AWS Setup¶
This page describes a simple setup process for HPAT on Amazon EC2 instances. You need to have an account on Amazon Web Services (AWS) and be familiar with the general AWS EC2 instance launch interface. The process below is for demonstration purposes only and is not recommended for production usage due to security, performance and other considerations.
- Launch instances
- Select a Linux instance type (e.g. Ubuntu Server 18.04, c5n types for high network bandwidth).
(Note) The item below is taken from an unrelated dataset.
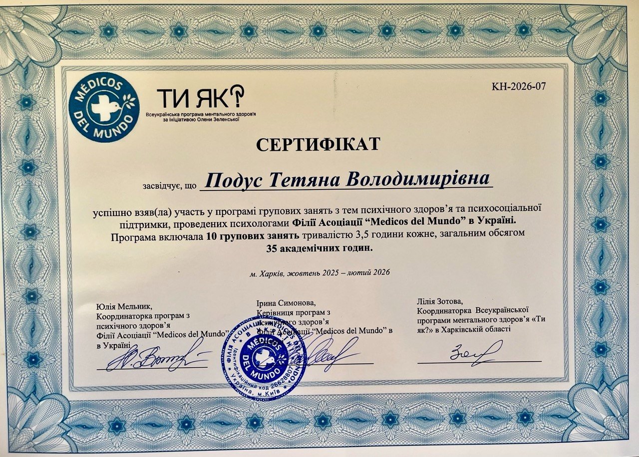 Программа групповых занятий по темам психического здоровья и психосоциальной поддержки, проведенных психологами Филиала Ассоциации “Médicos del Mundo” в Украине. 35 академических часов. 2025-2026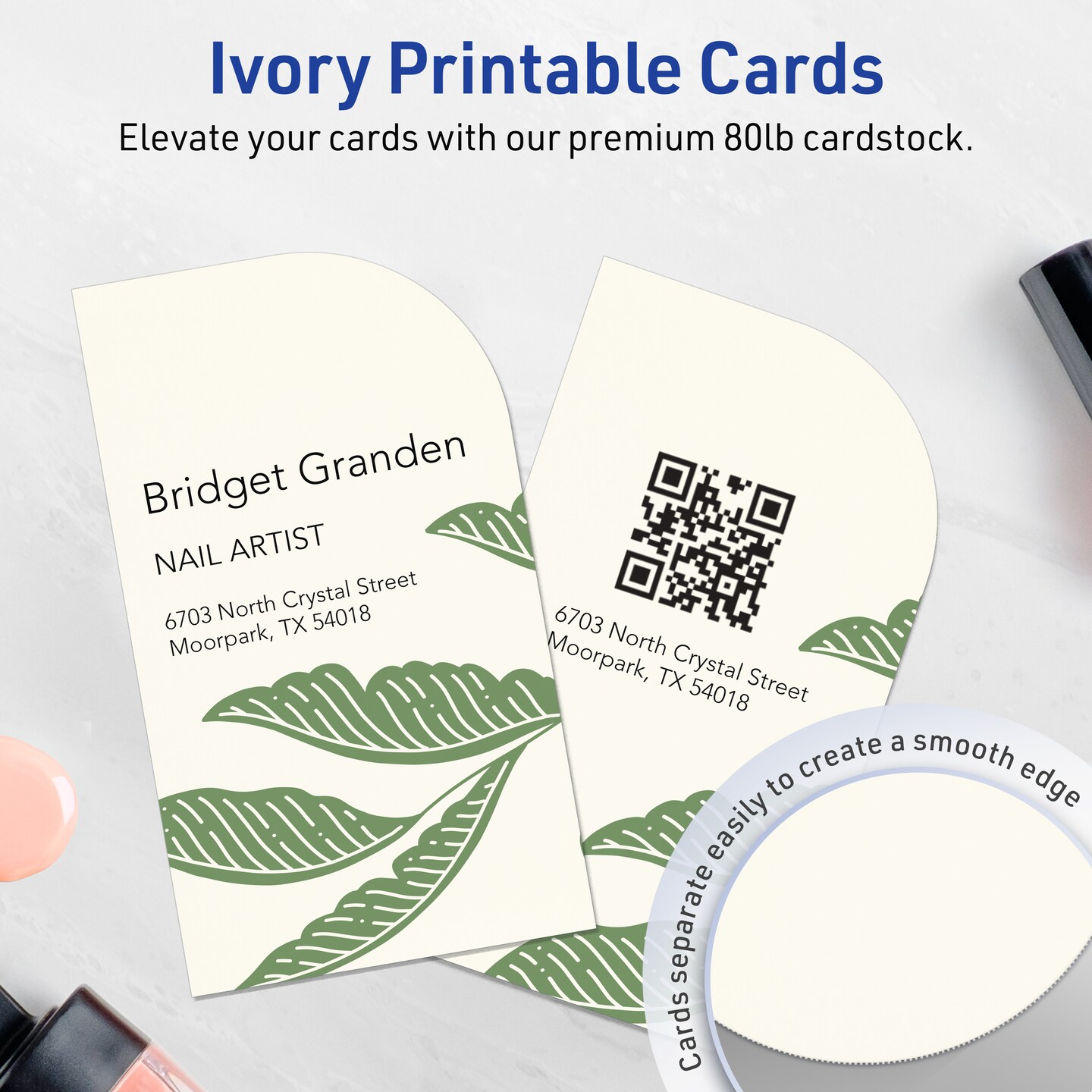Avery Printable Single Rounded Corner Rectangle Business Cards, Sure Feed Technology, 2" x 3-1/2", Matte Ivory Cardstock, Print-to-The-Edge, Laser/Inkjet Printable, 80 Total

- Select number of instances (e.g. 4).
- Select placement group option for better network performance (check “add instance to placement group”).
- Enable all ports in security group configuration to simplify MPI setup (add a new rule with “All traffic” Type and “Anywhere” Source).
- Setup password-less ssh between instances
a. Copy your key from your client to all instances. For example, on a Linux clients run this for all instances (find public host names from AWS portal):
scp -i "user.pem" user.pem ubuntu@ec2-11-111-11-111.us-east-2.compute.amazonaws.com:~/.ssh/id_rsa
Disable ssh host key check by running this command on all instances:
echo -e "Host *\n StrictHostKeyChecking no" > .ssh/config
Create a host file with list of private hostnames of instances on home directory of all instances:
echo -e "ip-11-11-11-11.us-east-2.compute.internal\nip-11-11-11-12.us-east-2.compute.internal\n" > hosts
Install Anaconda Python distribution and HPAT on all instances:
wget https://repo.continuum.io/miniconda/Miniconda3-latest-Linux-x86_64.sh -O miniconda.sh chmod +x miniconda.sh ./miniconda.sh -b export PATH=$HOME/miniconda3/bin:$PATH conda create -n HPAT -c ehsantn -c anaconda -c conda-forge hpat source activate HPAT
4. Copy the Pi example to a file called pi.py in the home directory of all instances and run it with and without MPI and see execution times. You should see speed up when running on more cores (“-n 2” and “-n 4” cases):
python pi.py # Execution time: 2.119
mpiexec -f hosts -n 2 python pi.py # Execution time: 1.0569
mpiexec -f hosts -n 4 python pi.py # Execution time: 0.5286
Possible next experiments from here are running a more complex example like the logistic regression example. Furthermore, attaching a shared EFS storage volume and experimenting with parallel I/O in HPAT is recommended.